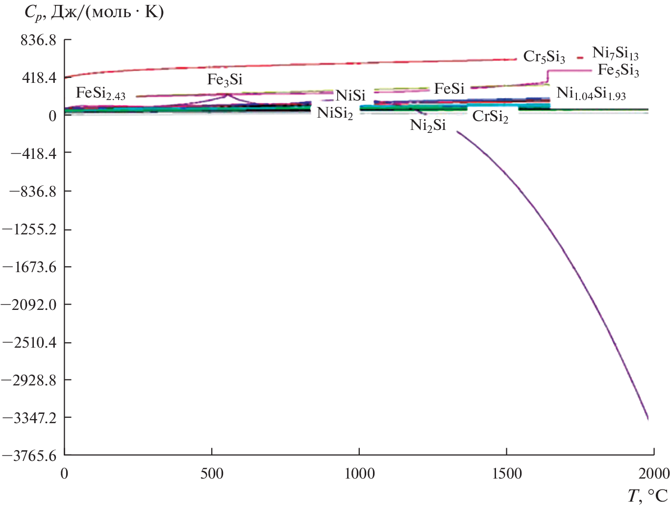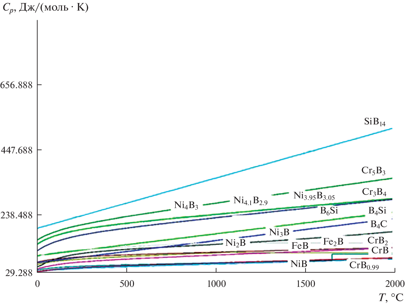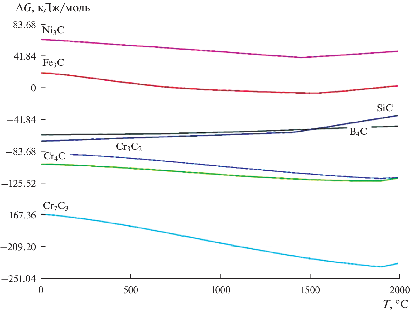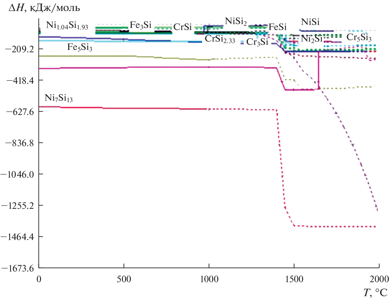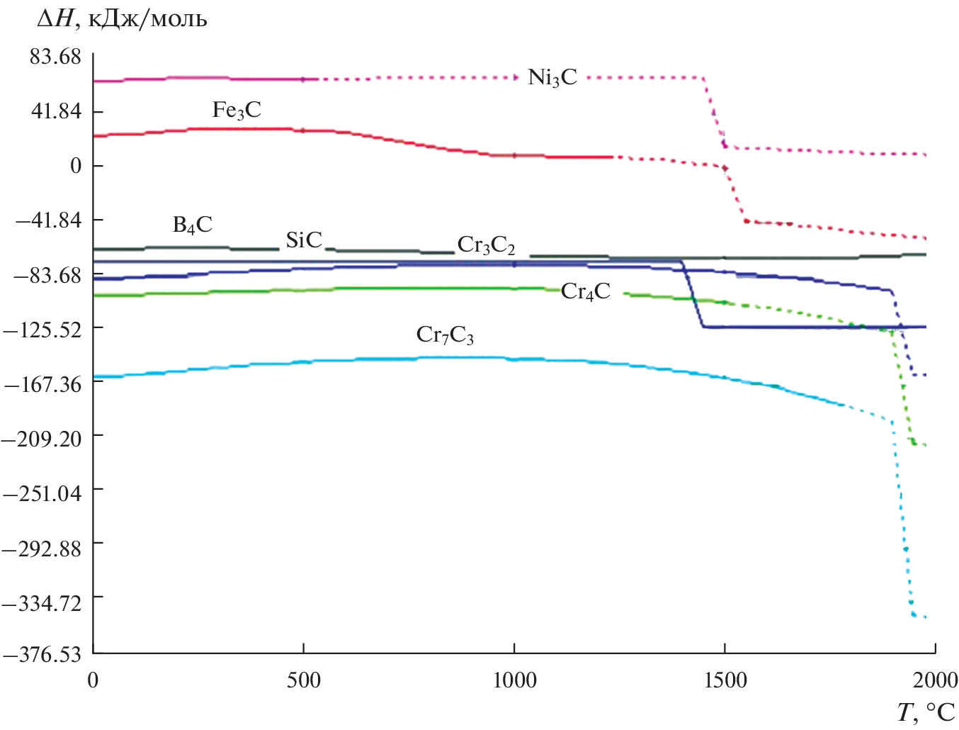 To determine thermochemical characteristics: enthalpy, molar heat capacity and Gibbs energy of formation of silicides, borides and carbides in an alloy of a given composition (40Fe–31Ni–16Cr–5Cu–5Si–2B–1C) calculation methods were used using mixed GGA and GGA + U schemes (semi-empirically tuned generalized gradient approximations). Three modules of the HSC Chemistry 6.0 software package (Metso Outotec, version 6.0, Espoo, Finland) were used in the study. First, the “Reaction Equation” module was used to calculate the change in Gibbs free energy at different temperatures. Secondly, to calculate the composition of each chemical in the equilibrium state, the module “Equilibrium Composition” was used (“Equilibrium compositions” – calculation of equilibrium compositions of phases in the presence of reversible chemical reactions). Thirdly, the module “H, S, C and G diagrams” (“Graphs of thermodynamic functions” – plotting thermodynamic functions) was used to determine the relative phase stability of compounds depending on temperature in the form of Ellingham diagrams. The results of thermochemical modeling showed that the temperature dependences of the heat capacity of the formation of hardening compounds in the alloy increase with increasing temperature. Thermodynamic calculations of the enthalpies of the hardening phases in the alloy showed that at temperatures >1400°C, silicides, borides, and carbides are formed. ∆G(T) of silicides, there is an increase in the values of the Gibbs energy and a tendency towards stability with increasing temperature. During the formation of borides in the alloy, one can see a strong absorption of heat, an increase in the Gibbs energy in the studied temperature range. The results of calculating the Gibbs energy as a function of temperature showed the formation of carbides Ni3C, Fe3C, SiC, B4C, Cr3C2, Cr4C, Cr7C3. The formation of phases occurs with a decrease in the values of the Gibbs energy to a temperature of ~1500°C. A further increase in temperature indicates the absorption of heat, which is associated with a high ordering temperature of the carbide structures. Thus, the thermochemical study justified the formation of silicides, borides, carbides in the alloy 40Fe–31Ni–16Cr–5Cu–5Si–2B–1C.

* * *

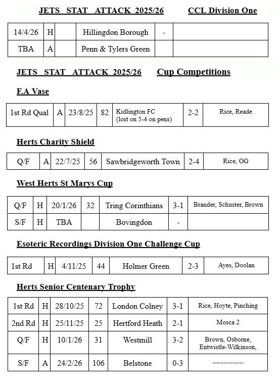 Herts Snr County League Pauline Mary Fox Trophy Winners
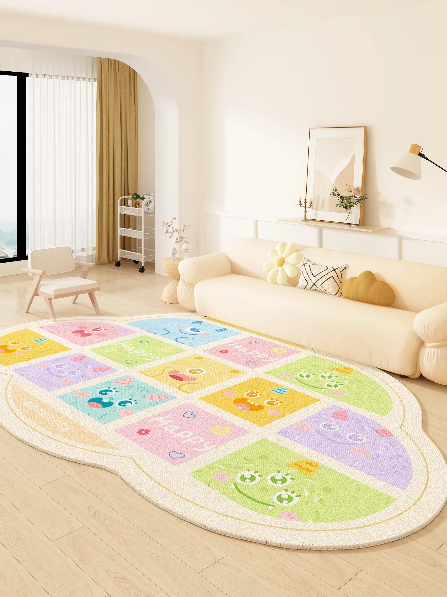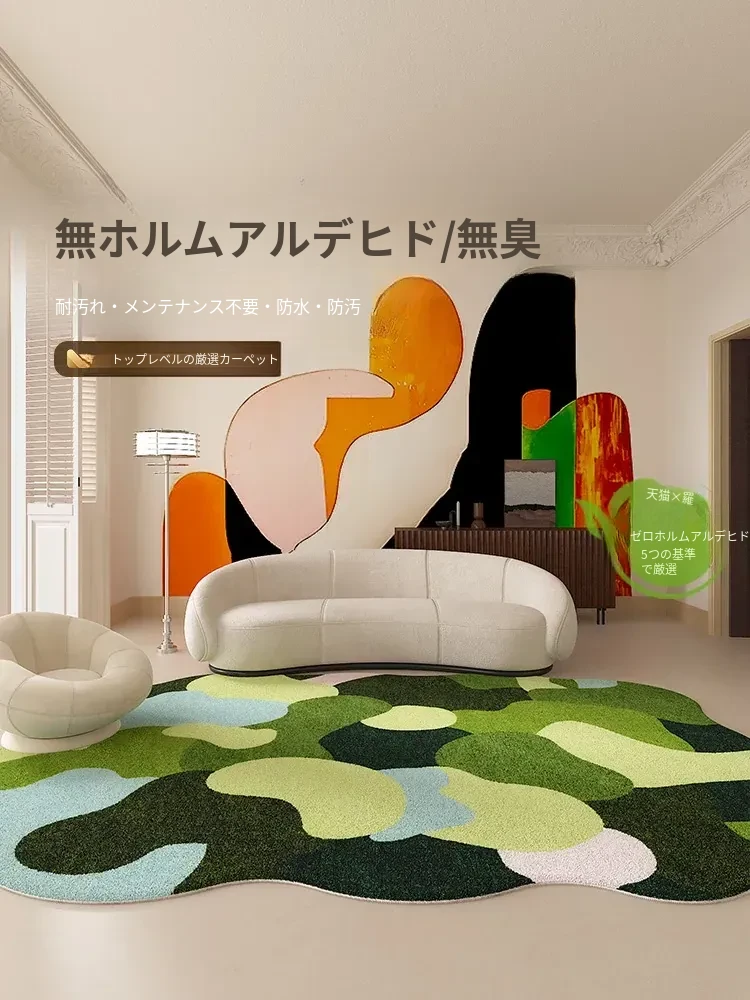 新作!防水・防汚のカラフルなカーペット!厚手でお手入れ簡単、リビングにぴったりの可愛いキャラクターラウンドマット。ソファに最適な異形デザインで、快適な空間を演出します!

...

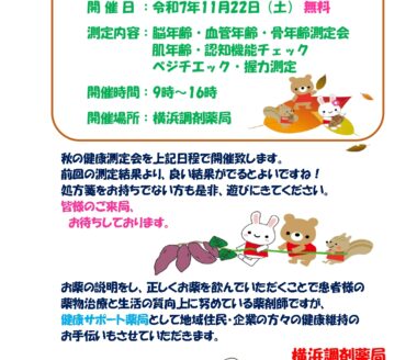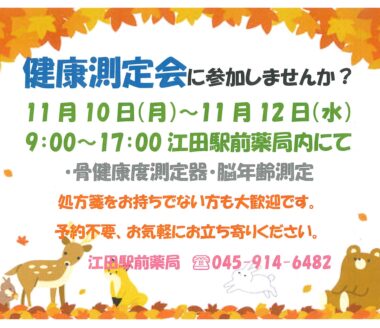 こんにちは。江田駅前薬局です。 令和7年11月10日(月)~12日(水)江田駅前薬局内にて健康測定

◆ EXERCISE INSTRUCTIONS ◆
Leaving every picture aside, reproduce exactly the lines above from the one with "Herts Snr County" up to and including the one with "新作!防水・防汚のカラフルな", and no others.

◆ RESULT OF THE TASK ◆
 Herts Snr County League Pauline Mary Fox Trophy Winners
 新作!防水・防汚のカラフルなカーペット!厚手でお手入れ簡単、リビングにぴったりの可愛いキャラクターラウンドマット。ソファに最適な異形デザインで、快適な空間を演出します!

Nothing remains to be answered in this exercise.